## [EXERCISE OBJECTIVE]
Pictures must be left out. Print the lines from the beginning of the material through the line holding "2018下半年大中华地区的博", exactly and nothing else.

## [SOURCE DATA]
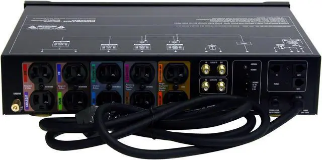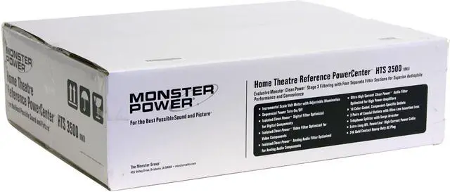 | Features | Component—width chassis suitable for rackmounting or stacking (rack "ears" included). Monster Clean Power™ Stage 3 filters optimized for digital, high current audio, and video applications. Protects coax lines used with cable TV, DBS, and DSS equipment from surge pulses. Ultra—high 2775 joule rating provides full capacity surge protection. 12 volt trigger input for remote turn—on of switched outlets. Dual Mode Protection provides audible and visual alarm for maximum protection and performance. High sensitivity volt meter measures incoming voltage and shows AC power fluctuations. |
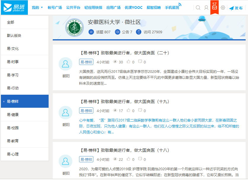今年春节,一场新型冠状病毒感染的肺炎疫情防控战牵动着所有人的心,疫情当前,安医人凝心聚力,众志成城。医护员工更是日夜奋战,只为尽快结束这场战“疫”。人人都想贡献自己的一份力量,我校学子也不例外。近期,我校易班发展中心在易班网以“致敬最美逆行者,做大国良医”为题号召同学们用文字的力量向榜样致敬,向公众传递信心,凝聚战胜疫情的勇气和决心。征文活动开展短短几天,得到近千名学子的积极响应。
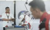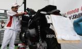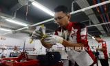 Teknisi mengikuti Astra Honda Motor Technical Skill Contest (AHM-TSC) di AHM SRTC Deltamas, Cikarang, Kabupaten Bekasi, Jawa Barat, Rabu (23/8/2023). PT Astra Honda Motor (AHM) menggelar AHM-TSC yang melibatkan 9000 teknisi,1800 service advisor dari 3700 AHASS untuk mengukur kesiapan serta keterampilan para teknisi maupun service advisor dalam melakukan pelayanan terhadap konsumen dan para pemenang berkesempatan mewakili Indonesia di honda global technical contest di Jepang. (FOTO : Republika/Edwin Dwi Putranto)
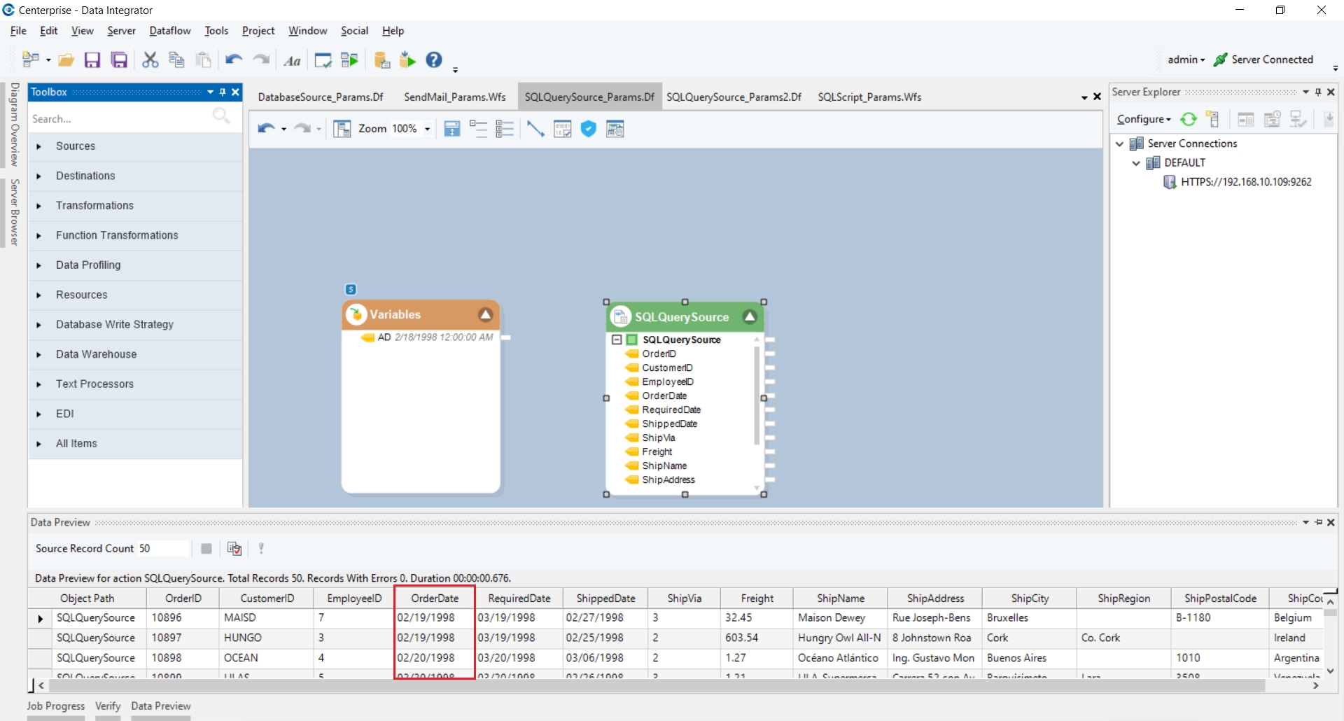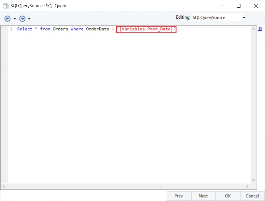 Variables can be utilized while querying data from database tables in the SQL Query Source object. These can be changed according to the requirement. Here, we wish to query data from a sample Orders table after particular dates. Instead of editing the query multiple times, we have used a Variables object where we can change the date as needed.
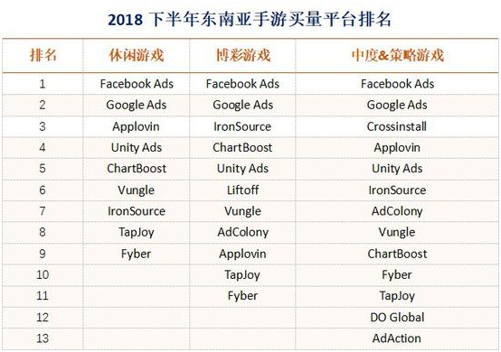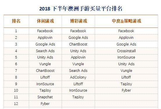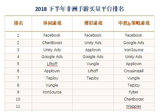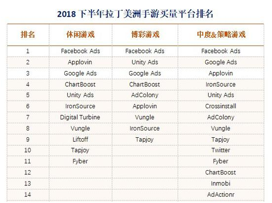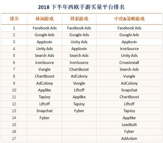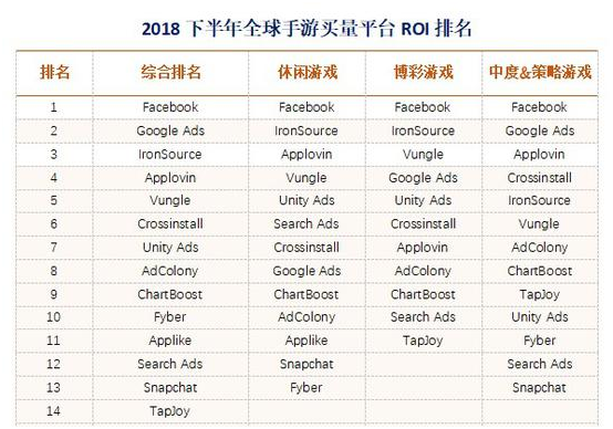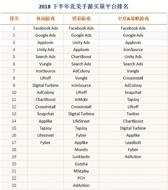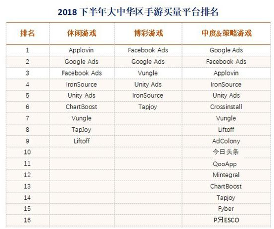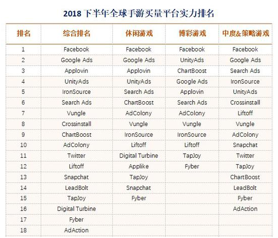 2018下半年大中华地区的博弈类游戏买量(liàng)平台排名前五的分别是(shì)Facebook、谷歌、Vungle、UnityAds和(hé)IronSource。
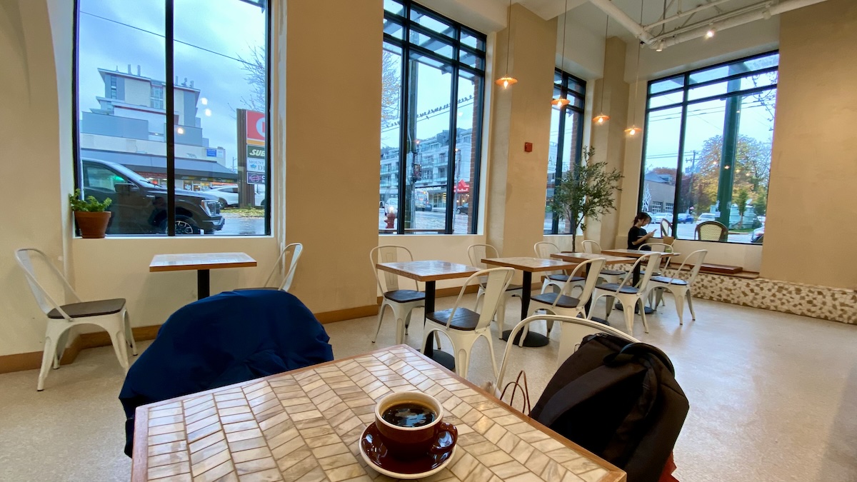 今天載孩子去上學只有小雨,到了中午變大雨,陰灰灰的,中午的太陽和溫暖完全不在,車上都要開個暖氣;都暖氣徐徐的吹,就讓我身心感到安定,加上外面的雨,整個身體是平靜的,身體又被帽T的軟軟的布給包覆,我在這樣舒適的生理狀態下,開車開30分鐘到溫哥華Broadway東段和朋友喝咖啡。
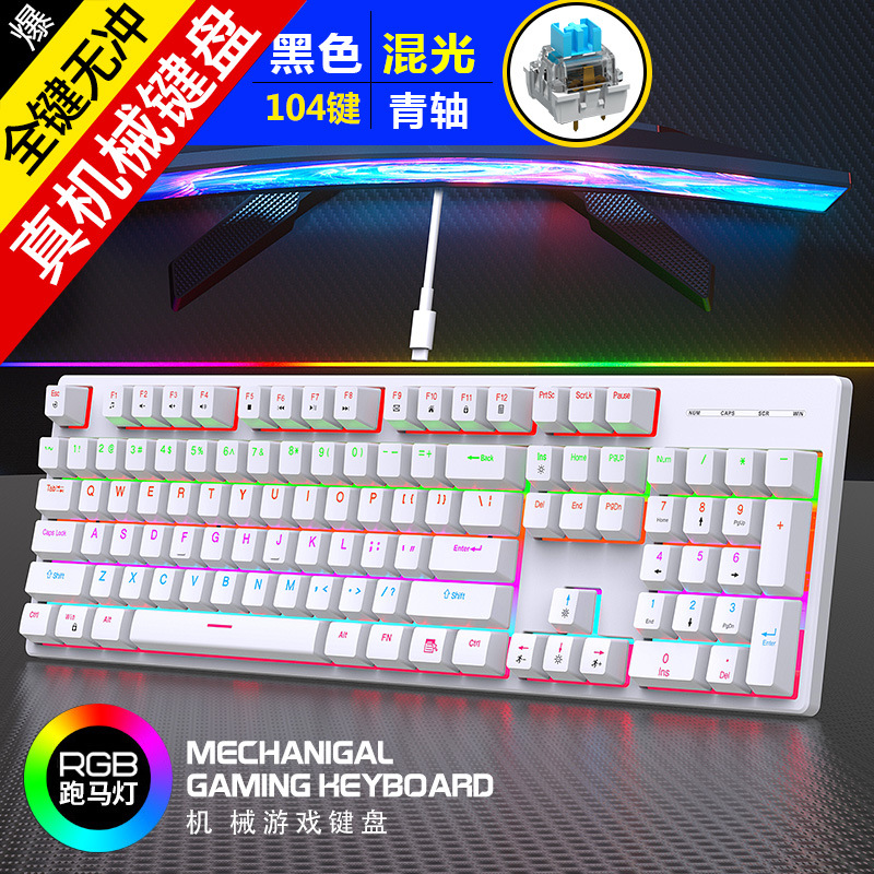 typec接口插线青轴104键机械键盘电竞游戏RGB彩灯游戏机械键盘
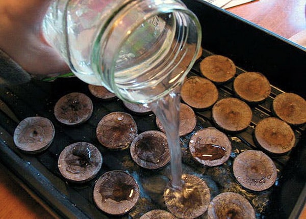 - тепер таблетки можна розмістити на дні контейнера і налити в нього трохи відстояною, теплою (не гарячою) води. В середньому на один спресований кокогрунт потрібно 35-40 мл рідини, зайву воду зливають;
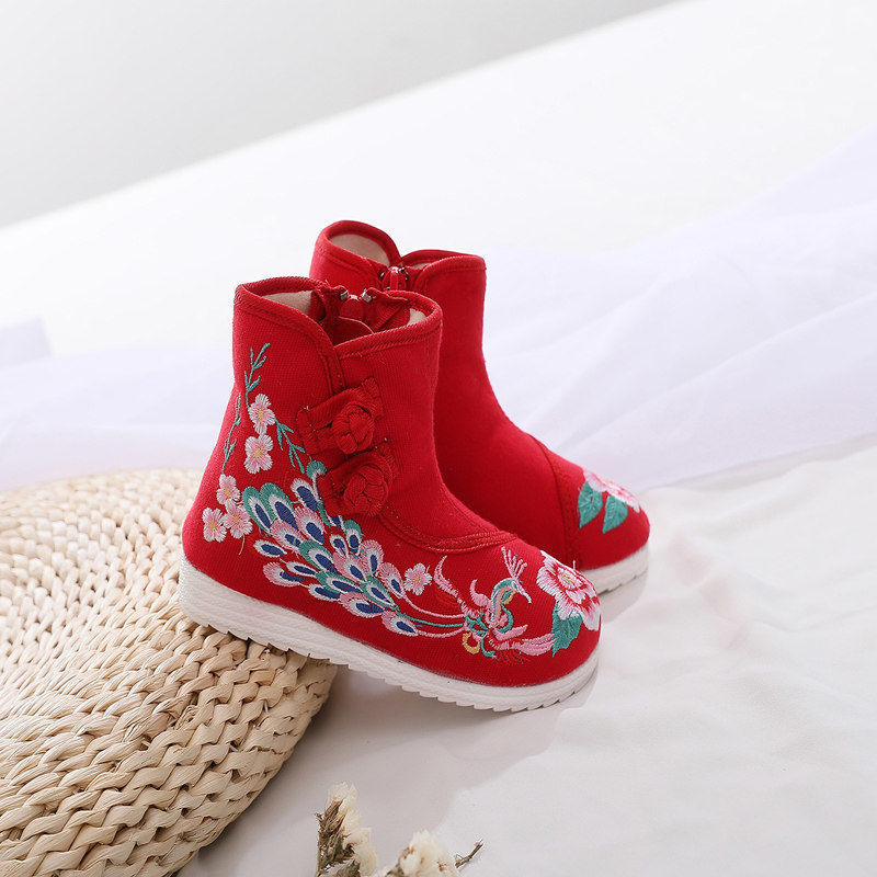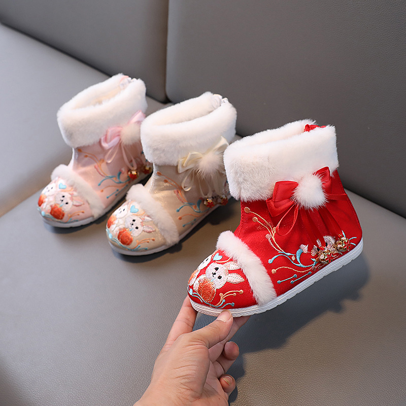 古い北京布靴冬の子供の刺繍靴とベルベットの女の子の漢服靴ブーツ中国風唐装拝年ショー
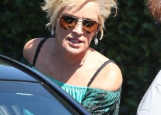 Koķetā topiņā ar atkailinātiem pleciem 56 gadus vecā aktrise Šārona Stouna devās ieturēt maltīti Holivudā.

## [OUTPUT BELOW]
 | Features | Component—width chassis suitable for rackmounting or stacking (rack "ears" included). Monster Clean Power™ Stage 3 filters optimized for digital, high current audio, and video applications. Protects coax lines used with cable TV, DBS, and DSS equipment from surge pulses. Ultra—high 2775 joule rating provides full capacity surge protection. 12 volt trigger input for remote turn—on of switched outlets. Dual Mode Protection provides audible and visual alarm for maximum protection and performance. High sensitivity volt meter measures incoming voltage and shows AC power fluctuations. |
今年春节,一场新型冠状病毒感染的肺炎疫情防控战牵动着所有人的心,疫情当前,安医人凝心聚力,众志成城。医护员工更是日夜奋战,只为尽快结束这场战“疫”。人人都想贡献自己的一份力量,我校学子也不例外。近期,我校易班发展中心在易班网以“致敬最美逆行者,做大国良医”为题号召同学们用文字的力量向榜样致敬,向公众传递信心,凝聚战胜疫情的勇气和决心。征文活动开展短短几天,得到近千名学子的积极响应。
 Teknisi mengikuti Astra Honda Motor Technical Skill Contest (AHM-TSC) di AHM SRTC Deltamas, Cikarang, Kabupaten Bekasi, Jawa Barat, Rabu (23/8/2023). PT Astra Honda Motor (AHM) menggelar AHM-TSC yang melibatkan 9000 teknisi,1800 service advisor dari 3700 AHASS untuk mengukur kesiapan serta keterampilan para teknisi maupun service advisor dalam melakukan pelayanan terhadap konsumen dan para pemenang berkesempatan mewakili Indonesia di honda global technical contest di Jepang. (FOTO : Republika/Edwin Dwi Putranto)
 Variables can be utilized while querying data from database tables in the SQL Query Source object. These can be changed according to the requirement. Here, we wish to query data from a sample Orders table after particular dates. Instead of editing the query multiple times, we have used a Variables object where we can change the date as needed.
 2018下半年大中华地区的博弈类游戏买量(liàng)平台排名前五的分别是(shì)Facebook、谷歌、Vungle、UnityAds和(hé)IronSource。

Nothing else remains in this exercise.